Крестовый поход! Иерусалим! — вот что было тогда величайшим политическим устремлением, неразрывно связанным с рыцарским идеалом. Именно так все еще формулировалась эта мысль, которая как высшая политическая идея приковывала к себе взоры европейских государей и попрежнему побуждала их к действию. Налицо был странный контраст между реальными политическими интересами — и отвлеченной идеей. Перед христианским миром XIV—XV вв. с беспощадной необходимостью стоял восточный вопрос: отражение турок, которые уже взяли Адрианополь (1378 г.) и уничтожили Сербское королевство (1389 г.). Над Балканами нависла опасность. Но первоочередная, наиболее неотложная политика европейских дворов все еще определялась идеей крестовых походов. Турецкий вопрос воспринимался не более как часть великой священной задачи, которую не смогли выполнить предки: освобождение Иерусалима.

В этой мысли рыцарский идеал выдвигался на первое место: здесь он мог, должен был оказывать особенно устойчивое воздействие. Ведь религиозное содержание рыцарского идеала находило здесь свое высшее обетование, и освобождение Иерусалима виделось не иначе как священное, благородное рыцарское деяние. Именно тем, что религиозно-рыцарский идеал в столь большой степени влиял на выработку восточной политики, можно с определенной уверенностью объяснить незначительные успехи в

 

 

отражении турок. Походы, в которых прежде всего требовался трезвый расчет и тщательная подготовка, замышлялись и проводились в нетерпеньи и спешке, так что вместо спокойного взвешивания того, что могло быть достигнуто, стремились к осуществлению романтических планов, оказывавшихся тщетными, а нередко и пагубными. Катастрофа при Никополисе в 1396 г. показала, сколь опасно было затевать настоятельно необходимую экспедицию против сильного и боеспособного врага по типу одного из тех рыцарских походов в Литву или Пруссию, которые предпринимались, чтобы убить сколько-то жалких язычников. Кем же разрабатывались планы крестовых походов? Мечтателями вроде Филиппа де Мезьера, который занимался этим в течение всей своей жизни; людьми, витавшими в мире политических фантазий; именно таким, при всей своей хитроумной расчетливости, был и Филипп Добрый.

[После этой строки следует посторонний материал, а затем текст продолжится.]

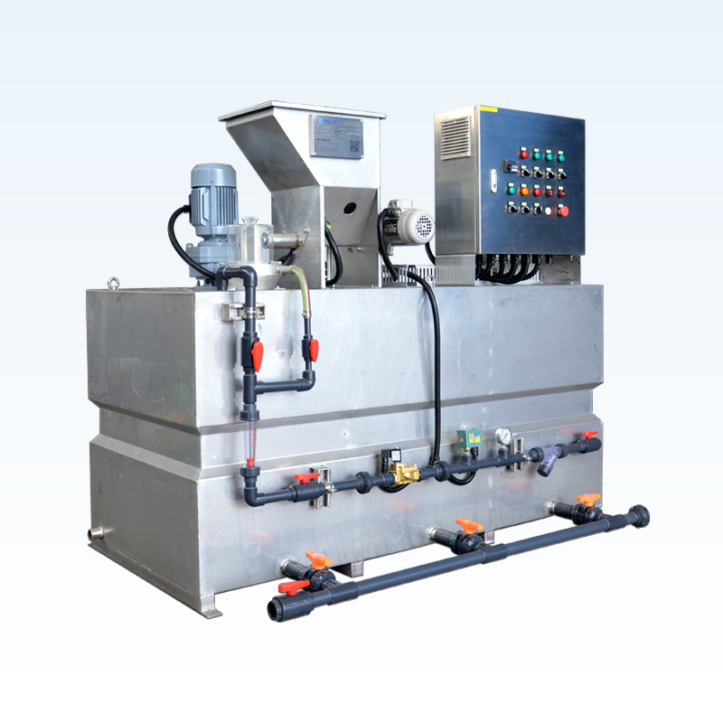 PAM全自動(dòng)泡藥機(jī)是一種一體式的,具備將PAM干粉連續(xù)制備成一定濃度(通常0.05~0.2%)溶液的裝置。該裝置適用于高分子有機(jī)絮凝劑(PAM)的制備與投加,用戶只需將藥劑干粉直接加入設(shè)備的料斗中,即可實(shí)現(xiàn)全自動(dòng)的投料、溶解、熟化、儲(chǔ)存、計(jì)量加藥等過程,整個(gè)過程無需人為操作,完全自動(dòng)運(yùn)行。料斗中的粉狀藥劑經(jīng)定量給料裝置送入混合器中,與水進(jìn)行完全混合后進(jìn)入溶液箱中,混合液經(jīng)多級(jí)攪拌后形成均一濃度的溶液,最后進(jìn)入貯液箱內(nèi),根據(jù)工藝需求用定量式泵浦進(jìn)行投加。
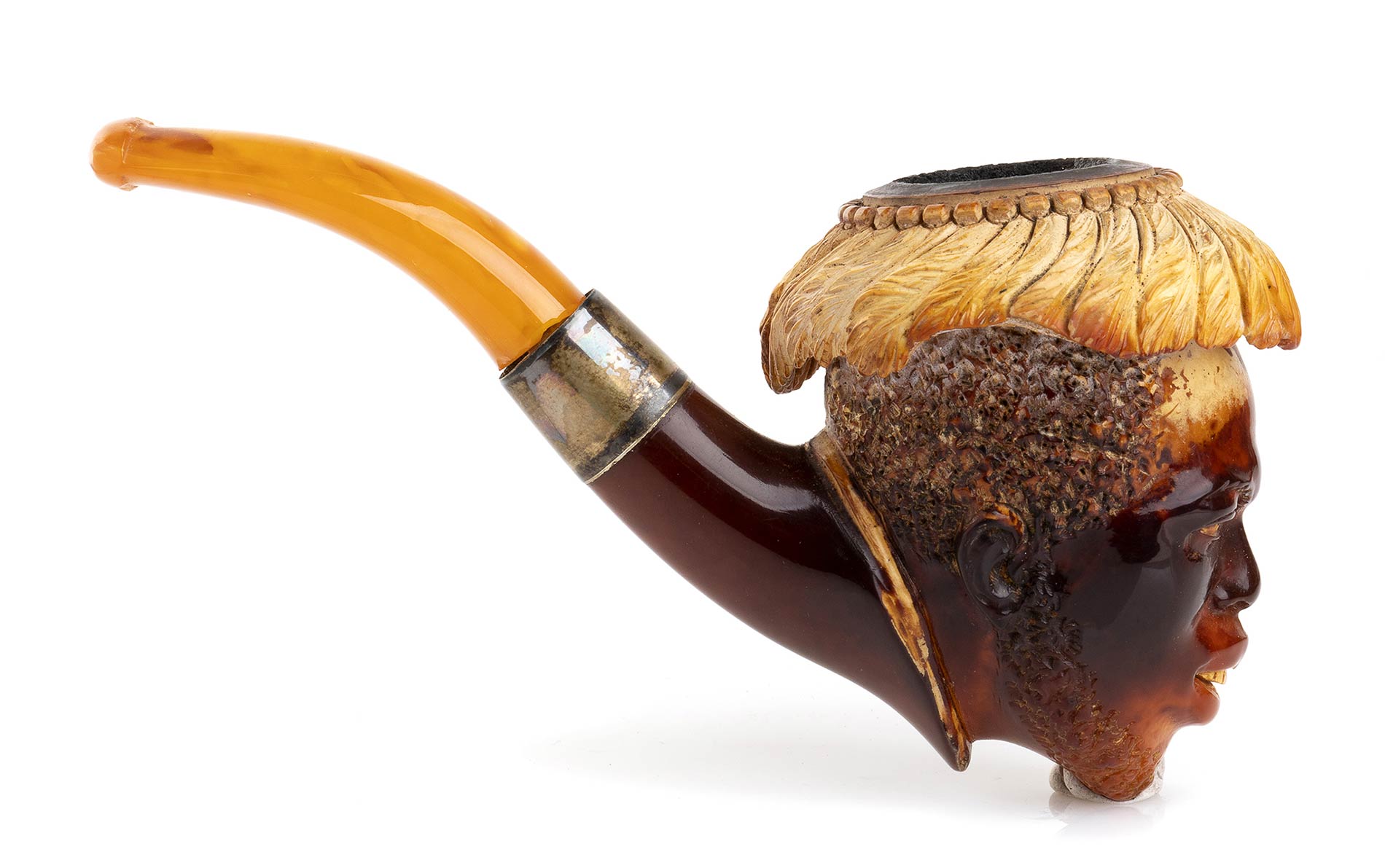 scolpita con la testa di un "moretto", bocchino in ambra. Con custodia. Lunghezza 12,5 cm. Stato di conservazione: **** buono.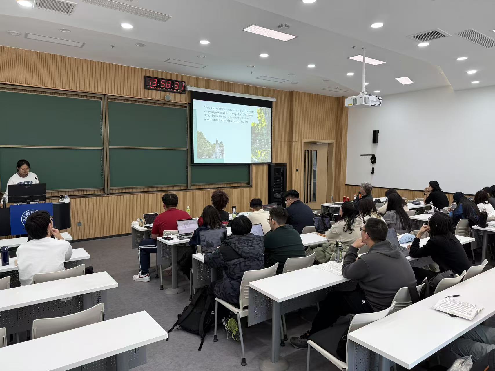 曲红梅教授和姜昊良老师为任课教师,丝袜诱惑哲学专业大学三年级本科生为授课对象,《西方伦理学著作选读》(Selected Reading in Western Ethics)为选用教材。学生全英展示和教师评议为此次课堂的主要呈现形式。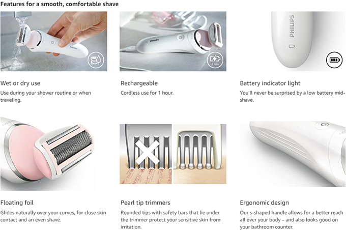 Experience a smooth shave with less nicks, cuts and irritation. SatinShave Advanced cordless electric shaver from Philips is designed to reach even curvy areas on your legs and body for less missed hairs. Hypoallergenic floating foil shaving head maintains close skin contact for an even shave. Pearl tip trimmers next to the foil protect your sensitive skin from irritation. SatinShave is effortless to use, with features that maximize your shaving convenience. Use it wet or dry, in or out of the tub, with antislip grip for easy handling. S-shaped handle allows for a better reach all over your body – and also looks good on your bathroom counter. Rechargeable lithium ion battery provides up to 1 hour of cordless usage after an 8 hour charge. Battery indicator light, so you’re not surprised by a low battery mid shave. Make sure your shaver is fully charged before using for the first time. Includes a trimming comb to attach onto the shaver head for grooming the bikini area.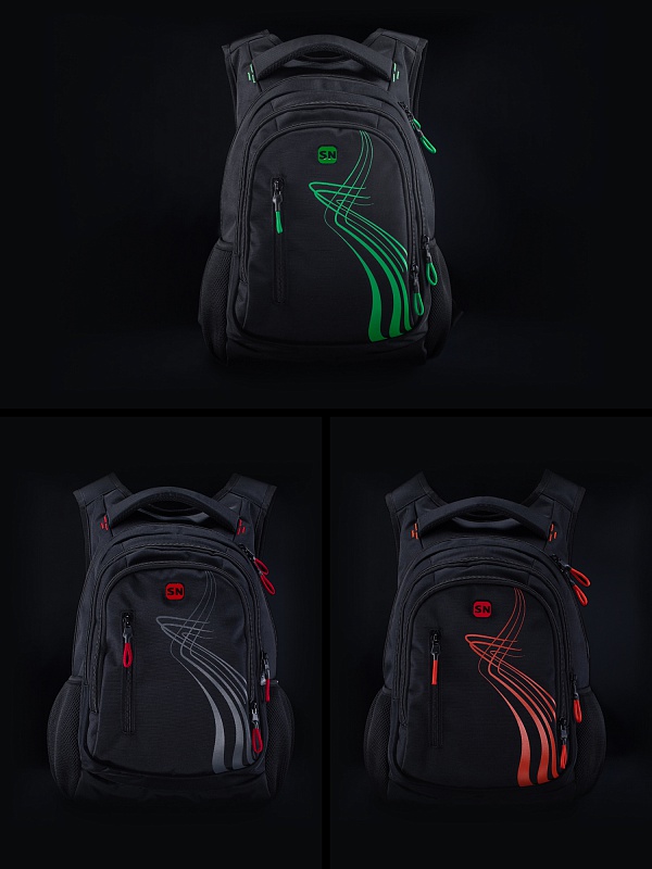 - по бокам два кармана на молнии и два сетчатых кармана на резинке.

Короли все еще считали освобождение Иерусалима своей неизменной жизненной целью. В 1422г. король Англии Генрих V был при смерти. Молодой завоеватель Руана и Парижа ждал кончины в самый разгар своей деятельности, навлекшей столько бедствий на Францию. И вот уже лекари объявляют, что ему не прожить и двух часов; появляется священник, готовый его исповедовать, здесь же и другие прелаты. Читаются семь покаянных псалмов, и после слов: «Benigne fac, Domine, in bona voluntate tua Sion, ut aedificentur muri Jerusalem» [«Облагодетельствуй, Господи, по благословению Твоему Сион; воздвигни стены Иерусалима» (Пс., 50, 20)] — король приказывает остановиться и во всеуслышание объявляет, что намерением его было после восстановления мира во Франции отправиться на завоевание Иерусалима, «se ce eust este le plaisir de Dieu son createur de le laisser vivre son aage» [«когда бы Господу, его сотворившему, угодно было дать ему дожить свои лета»]. Вымолвив это, велит он продолжать чтение и вскорости умирает [5].

Крестовый поход давно уже превратился в предлог для увеличения чрезвычайных налогов; Филипп Добрый широко этим пользовался. Но не только лицемерное корыстолюбие герцога порождало все эти планы [6]. Здесь смешивались серьезные намерения и желание использовать этот в высшей степени необходимый и вместе с тем в высшей степени рыцарский план для того, чтобы обеспечить себе славу спасителя христианского мира, опередив более высоких по рангу королей Франции и Англии. Le voyage de Turquie [Турецкий поход] оставался козырем, который так и не довелось пустить в ход. Шателлен всячески старается подчеркнуть, что герцог относился к делу весьма серьезно, однако имелись важные соображения, препятствовавшие осуществлению его замыслов: время для похода не подоспело, влиятельные лица не были уверены, что государь в его возрасте способен на столь опасное предприятие, угрожавшее как его владениям, так и династии. Несмотря на посланное Папой знамя крестового похода, с почестями встреченное Филиппом в Гааге и развернутое в торжественном шествии;

 

 

несмотря на множество обетов, данных на празднестве в Лилле и после него; несмотря на то что Жоффруа де Туази изучал сирийские гавани, Жан Шевро, епископ Турне, занимался сбором пожертвований, Гийом Филятр уже держал наготове все свое снаряжение и даже суда, потребные для похода, были уже изъяты у их владельцев, повсюду царило убеждение в том, что похода не будет [7]. Обет самого герцога, данный им в Лилле, также звучал неопределенно: он отправится в поход при условии, что земли, кои вверил ему Господь, пребудут в мире и безопасности [8].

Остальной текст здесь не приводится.